Data:
- Opening Delimiter -

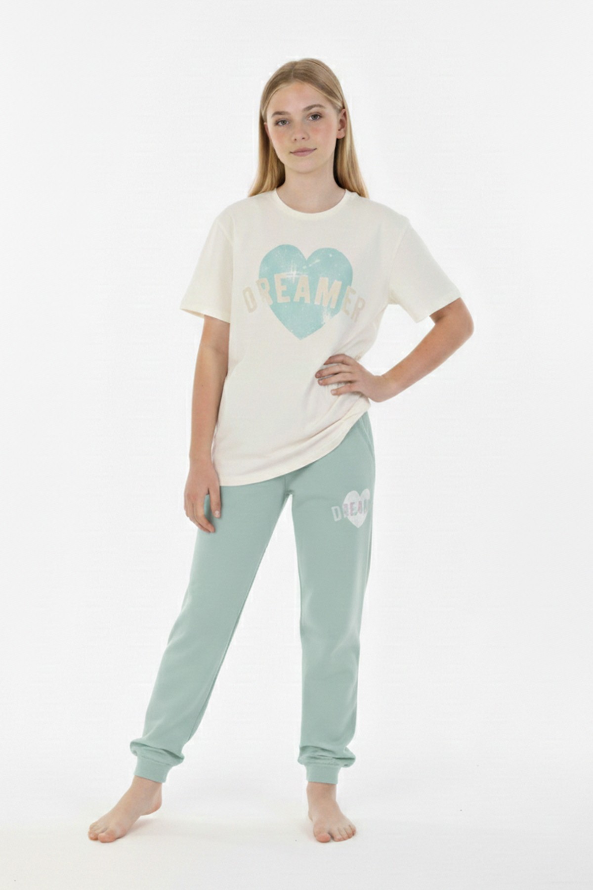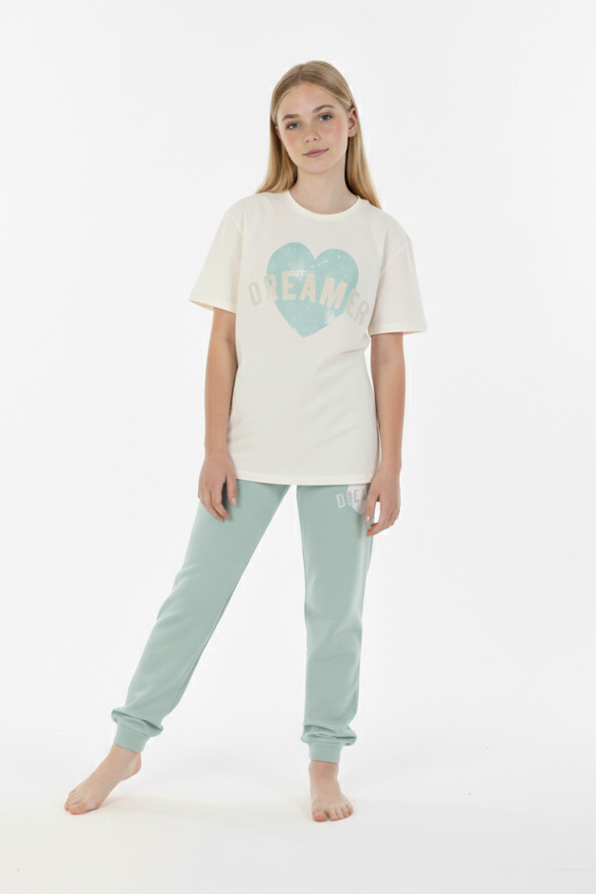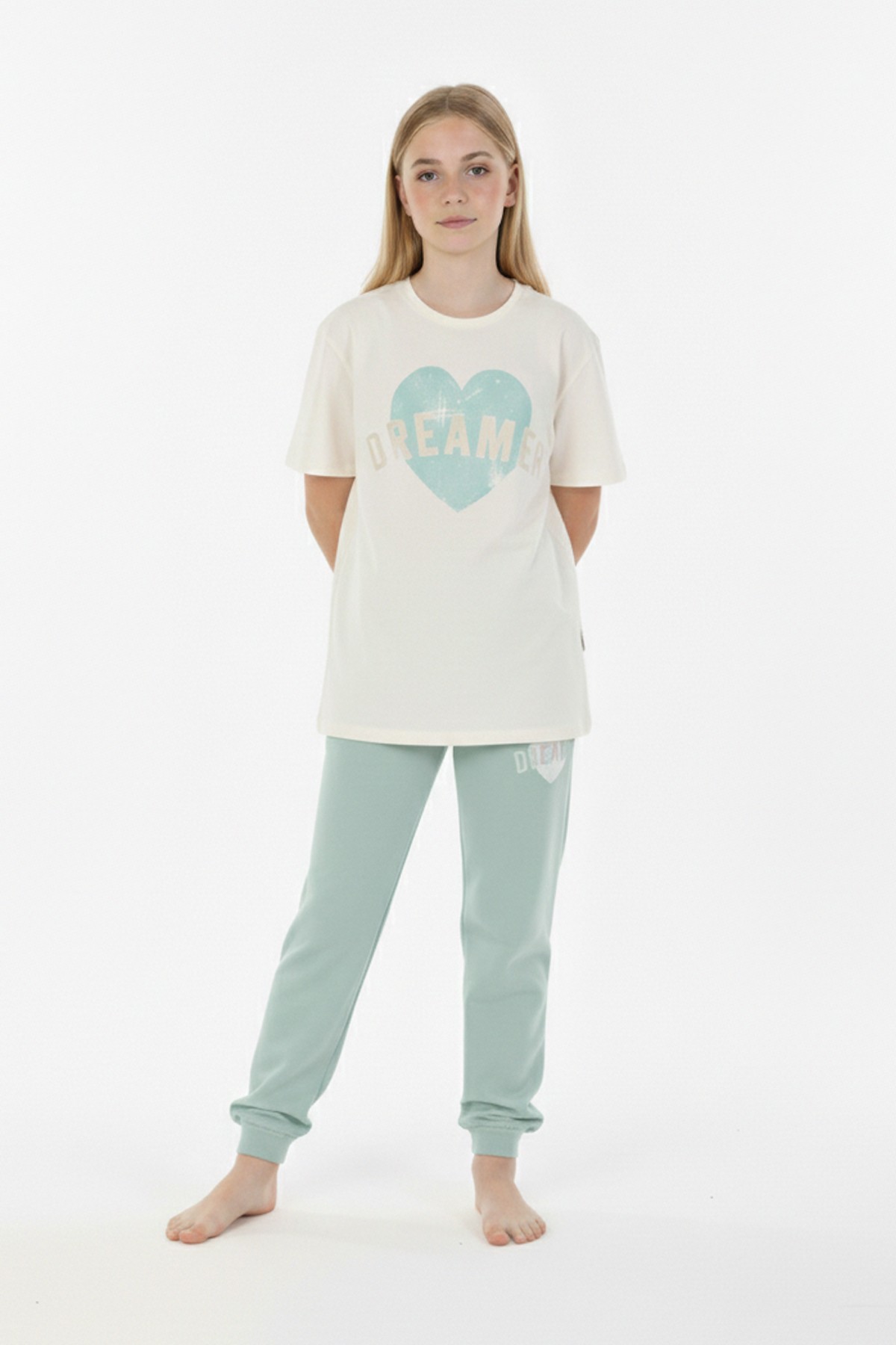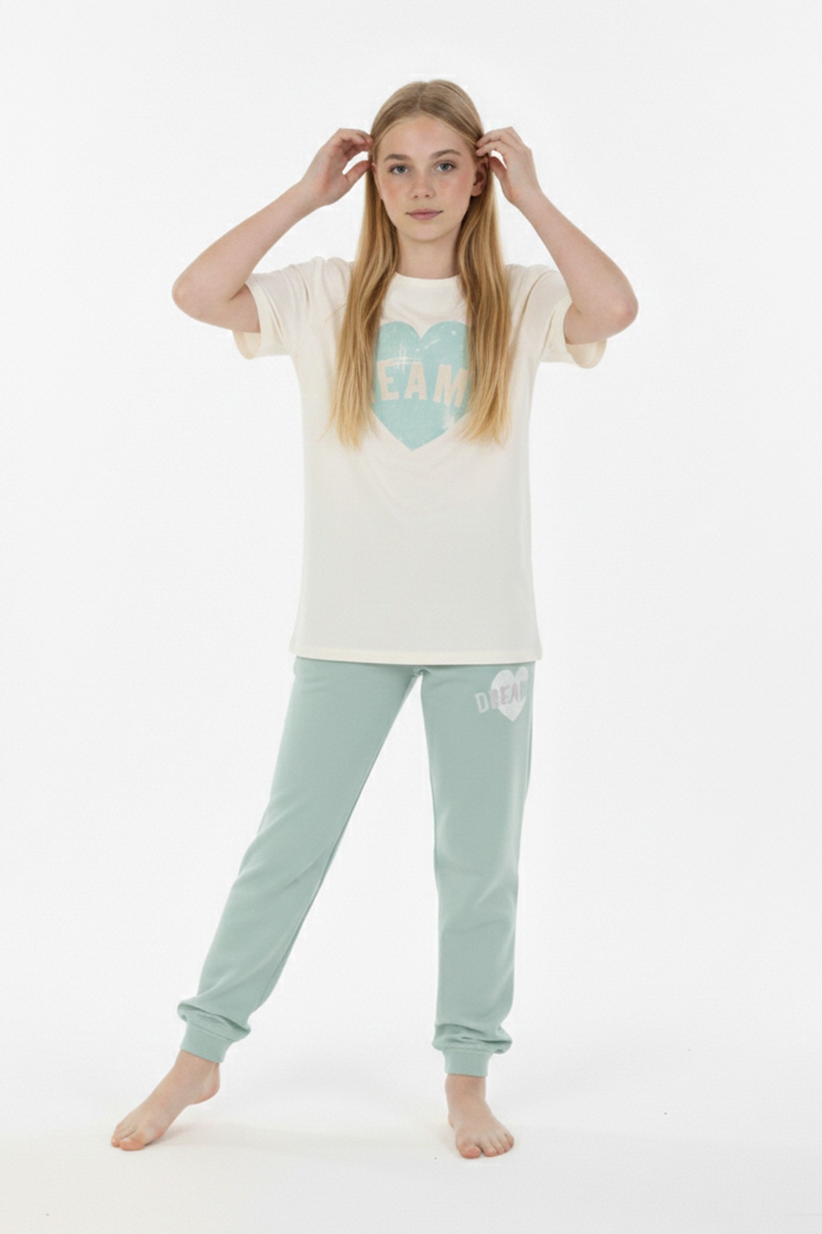 Garson Kız Çocuk Kalp Baskılı %100 Pamuk Reaktif Boyama Süprem Kumaş Kısa Kollu Pijama Takımı
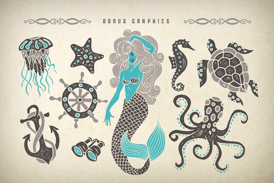 过来看一下这个“Marine Fairytale” 字体吧,复古的形状与粗糙的纹理,让它变得很独特。使用这种字体,您还将有一组插图与不同的海洋物体和生物。 此外,字体的简洁版本也包括在内。
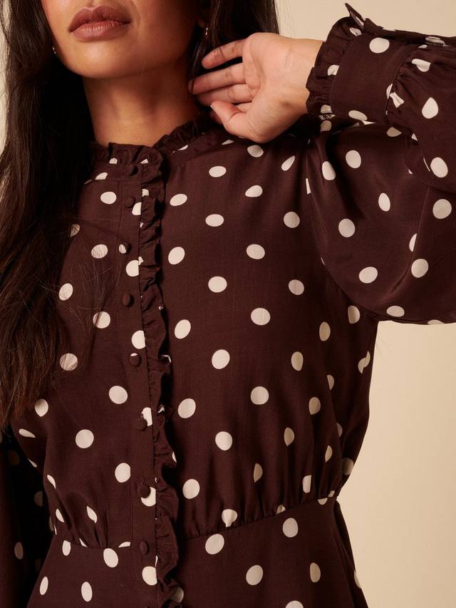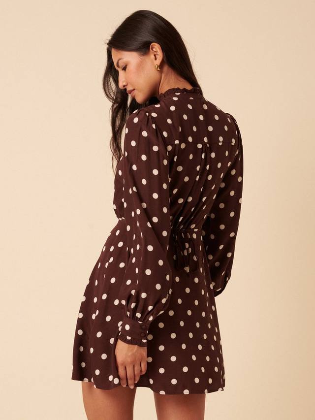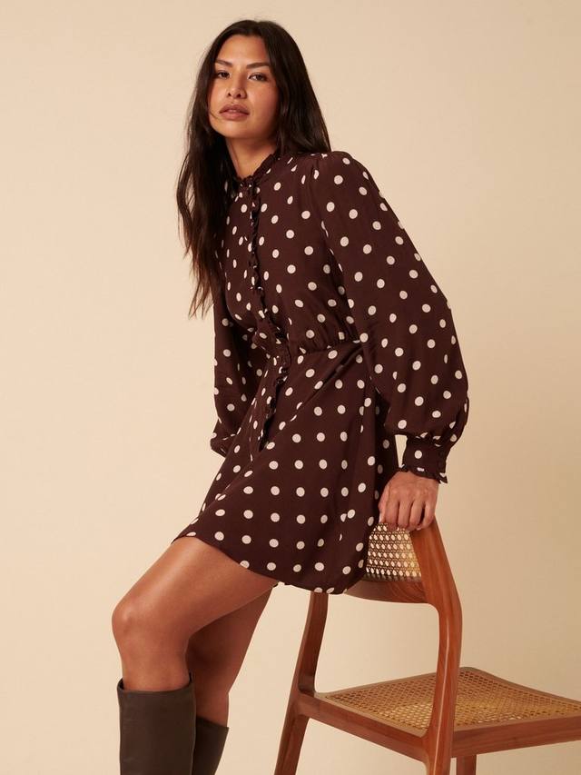 Планы на выходные уже на подходе. Это мини-платье в горошек с застёжкой на пуговицы спереди дополнено игривыми оборками. Нам также нравится её свободная мини-юбка.

- Closing Delimiter -

Problem to work on: Give back each line above verbatim, dropping every picture.

Answer box:
 Garson Kız Çocuk Kalp Baskılı %100 Pamuk Reaktif Boyama Süprem Kumaş Kısa Kollu Pijama Takımı
 过来看一下这个“Marine Fairytale” 字体吧,复古的形状与粗糙的纹理,让它变得很独特。使用这种字体,您还将有一组插图与不同的海洋物体和生物。 此外,字体的简洁版本也包括在内。
 Планы на выходные уже на подходе. Это мини-платье в горошек с застёжкой на пуговицы спереди дополнено игривыми оборками. Нам также нравится её свободная мини-юбка.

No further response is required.